Verdict: Can LLMs Improve Time Series Forecasting?

Interestingly, the full model’s accuracy is only marginally higher than the baseline — effectively identical in practical terms. The results are therefore inconclusive. You may also experiment with slightly adjusting the threshold date (January 1, 2014) used to split the dataset into training and test sets and observe how sensitive the results can be. In some cases, performance differences may become even more volatile.

This naturally leads us to a nuanced answer to the question posed at the beginning of the article.

Can LLM embeddings improve time series forecasting?

The answer, perhaps unsurprisingly, is: it depends. While LLM embeddings integrated through feature engineering — sometimes referred to as LLM-based time series forecasting — can be promising in specific contexts, they are far from a universal replacement for traditional forecasting approaches based purely on temporal features.

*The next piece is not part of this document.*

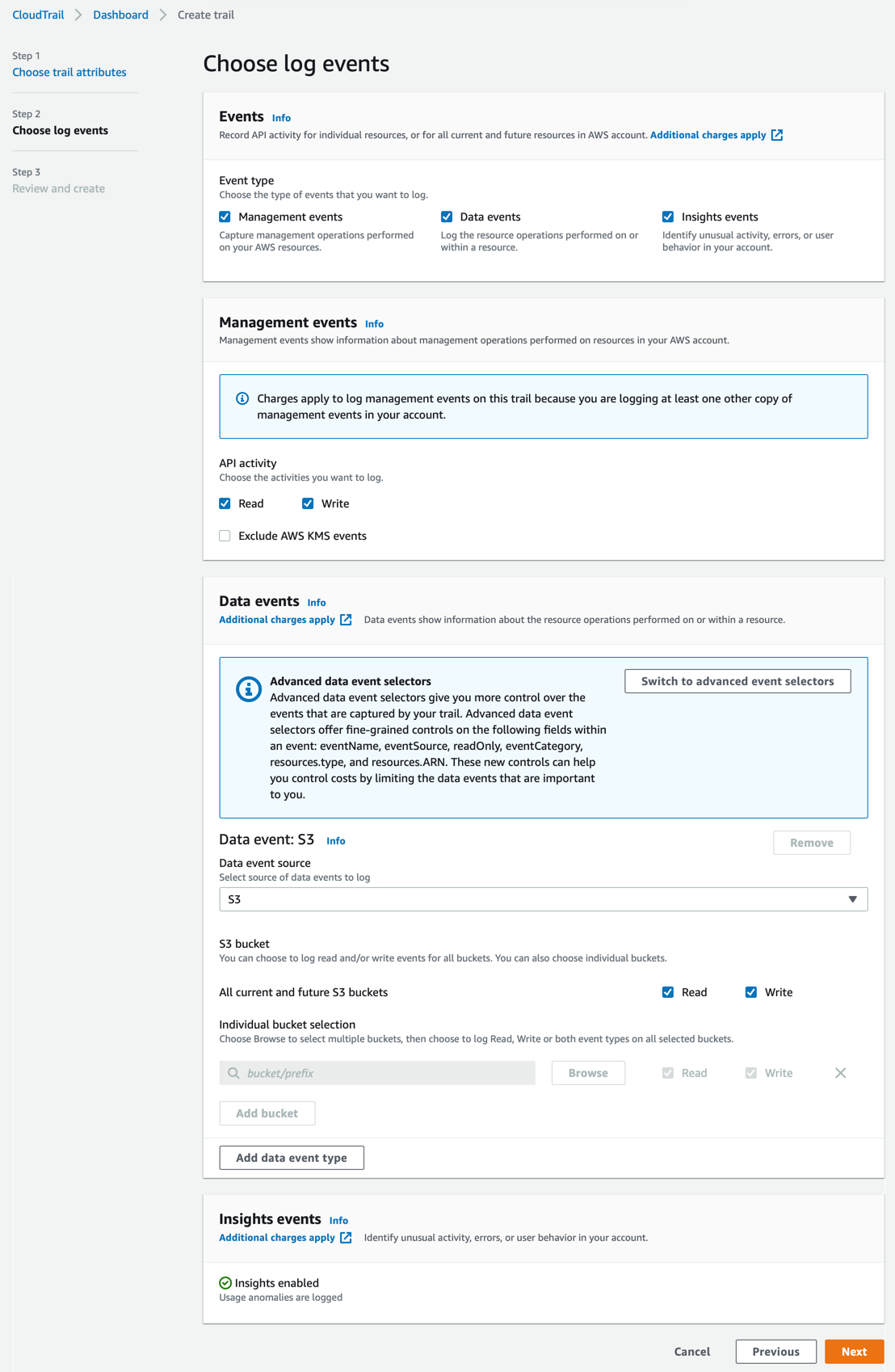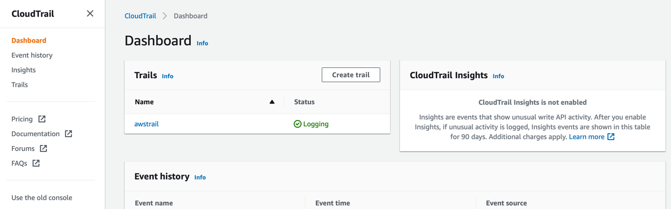 - Create an AWS CloudTrail trail

Some recent studies suggest that although LLMs can improve performance in particularly data-scarce or text-rich scenarios, they often add limited value — and may even underperform — in environments characterized by high-frequency, complex numerical, or highly erratic data. A sensible strategy is to evaluate embedding-augmented forecasting models across multiple experimental settings and time splits, assessing whether improvements over a well-defined baseline are consistent and statistically meaningful.

In short, LLM embeddings may add value in certain forecasting scenarios — but careful experimentation, robust validation, and domain awareness remain essential.